See examples/python/metrics_crew for the complete working implementation of this pattern with four agents, Plotly chart generation, and a full incident report output.

Framework integration

LangChain

Stack @lc_tool (outer) and @nanny_tool (inner). LangChain registers the function for dispatch; Nanny intercepts every call regardless of which model or API style invoked it:
from langchain_core.tools import tool as lc_tool
from nanny_sdk import tool as nanny_tool

@lc_tool                    # outer — LangChain registers for tool dispatch
@nanny_tool(cost=5)         # inner — Nanny intercepts before file is opened
def read_file(path: str) -> str:
    """Read a source file from disk."""
    with open(path) as f:
        return f.read()
Execution order: your code calls tool.run(args) → LangChain validates args → Nanny wrapper intercepts → bridge check → if allowed, file is read.

CrewAI

Same stacking pattern.

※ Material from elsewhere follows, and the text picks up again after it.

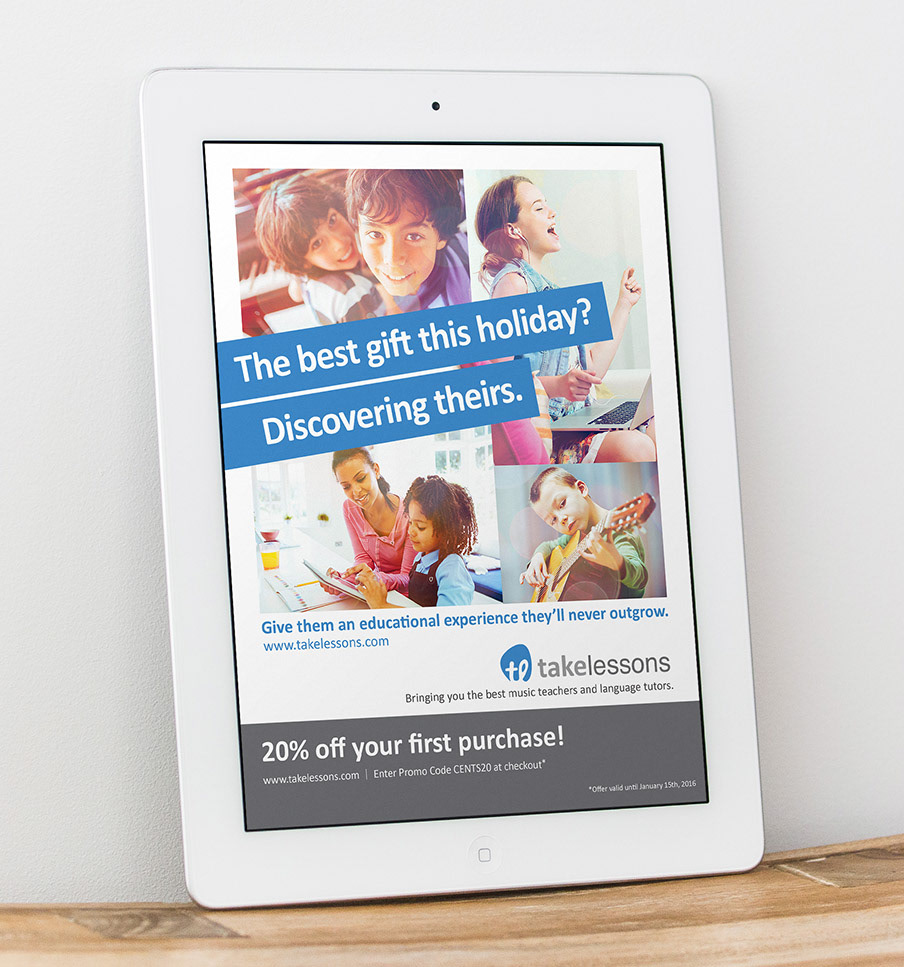 In 2013, TakeLessons realized they needed to rethink their logo. Originally, the brand had offered lessons only in the field of music, but they were quickly evolving and would soon be covering over two hundred categories of learning. The client was looking for a new design that would be forward-thinking and representative of the tech company that they were fast becoming but would not be a complete departure from the music category where it all began. As a bit of visual homage to the company’s origins, the shape of the new logo resembles a guitar pick, but it is abstract enough to universally encompass every category of learning.

CrewAI’s @tool decorator and Nanny’s @tool decorator both wrap the function — Nanny’s wrapper fires on every tool.run() call inside the crew:
from crewai.tools import tool as crew_tool
from nanny_sdk import tool as nanny_tool

@crew_tool                  # outer — CrewAI registers for agent dispatch
@nanny_tool(cost=15)        # inner — Nanny intercepts before function runs
def generate_chart(metric: str, output_dir: str) -> str:
    """Generate an interactive Plotly chart for a metric."""
    # ... chart generation ...
    return output_path
See examples/python/dev_assist for a complete LangChain integration and examples/python/metrics_crew for the canonical multi-agent governance example with four specialized agents, per-role limits, and per-role tool allowlists.